[Start of section]

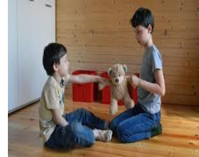
La moralidad de los niños en edad escolar.

https://gomezramos.blogspot.com/2011/10/estadios-evolutivos-del-razonamiento.html
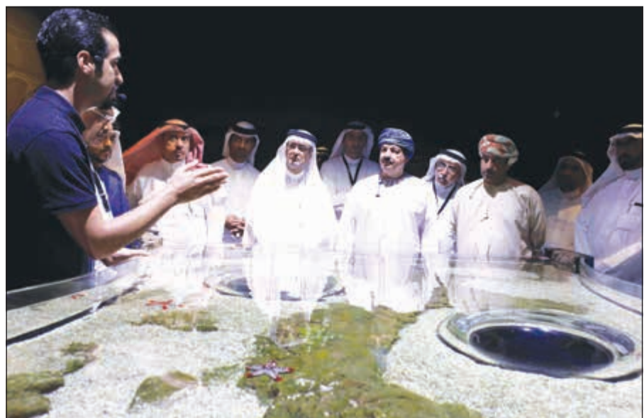
جولة في أحد الأقسام
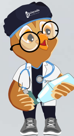
Acoplar el inhalador
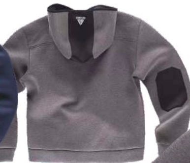
gris / negro
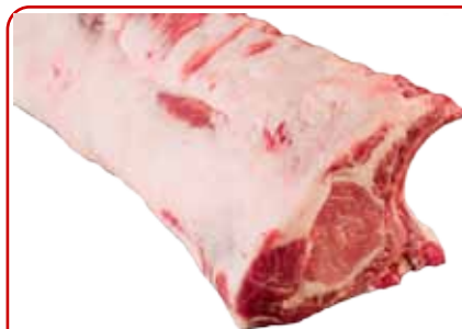
CHULETERO DE CERDO IBÉRICO ENTERO / CORTADO
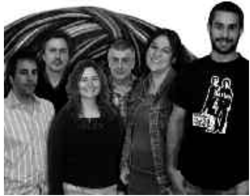
Zerrendako sei lehen hautagaiak.

- Oteizaren tailerra izan zena artisten tailerra
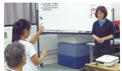
習った手話を実際に表現しました
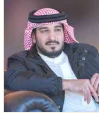
سمو الشيخ عيسى بن عبدالله
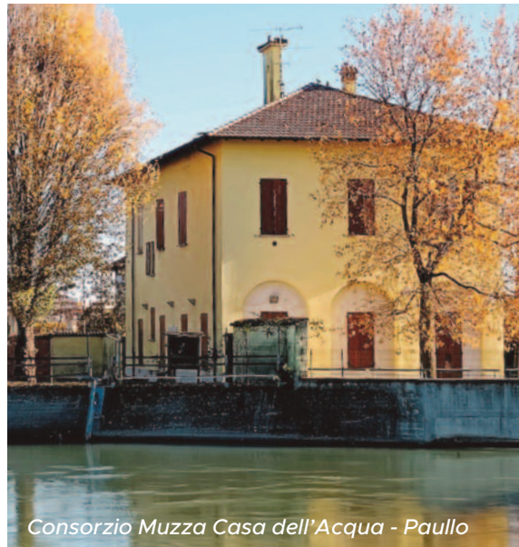
Consorzio Muzza Casa dell'Acqua - Paullo
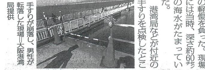
手すりが崩落し、男性が転落した現場

港湾局によると、男性は10月29日午前9時50分ごろ、釣り場に降りるためのスロープ付近で靴ひもを結び直
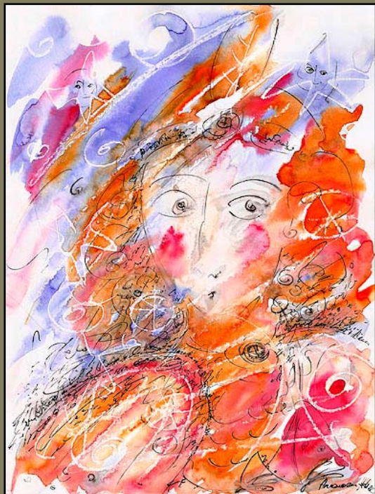
Сирин, акв\бум, 21 X 29, 2006
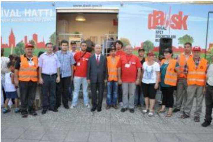
Resim 9 MAG'lar Bursa Orhangazi'de deprem simülasyonu TIR'ının önünde

Kampanyalar ve 1999 Depremi'nin Yıldönümü: 1999 depremlerinin yıldönümünde MAG Vakfı, genel halk farkındalığı için Bursa'da Doğal Afet Sigortaları Kurumu ile birlikte 2 günlük bir
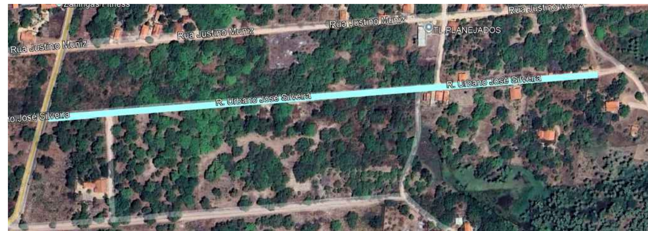
03 TRECHO URBANO JOSÉ SILVEIRA EXTENSÃO — 696 M
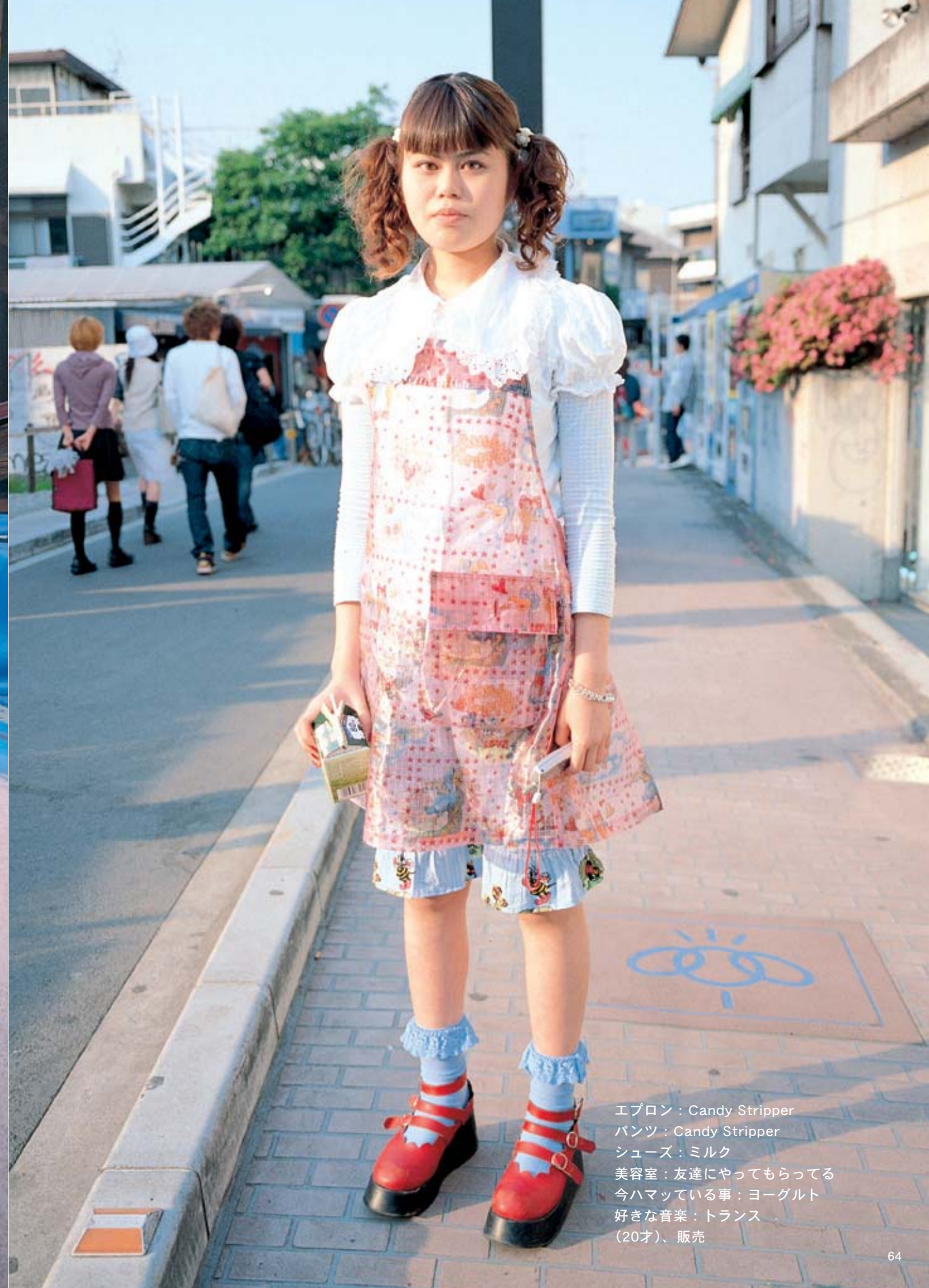
エプロン：Candy Stripper パンツ：Candy Stripper シューズ：ミルク 美容室：友達にやってもらってる 今ハマっている事：ヨーグルト 好きな音楽：トランス (20才)、販売
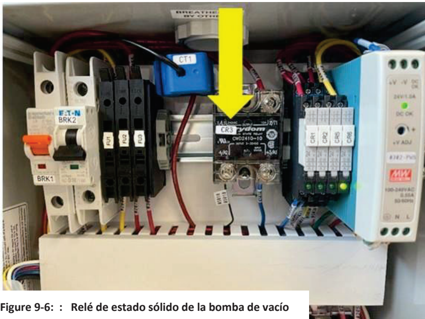
Figure 9-6: : Relé de estado sólido de la bomba de vacío

[End of section]

> **EXERCISE DETAILS**:
What is the number of lines in the records that contain "Bursa"? State that number alone.

> **RESPONSE TO THE TASK**:
2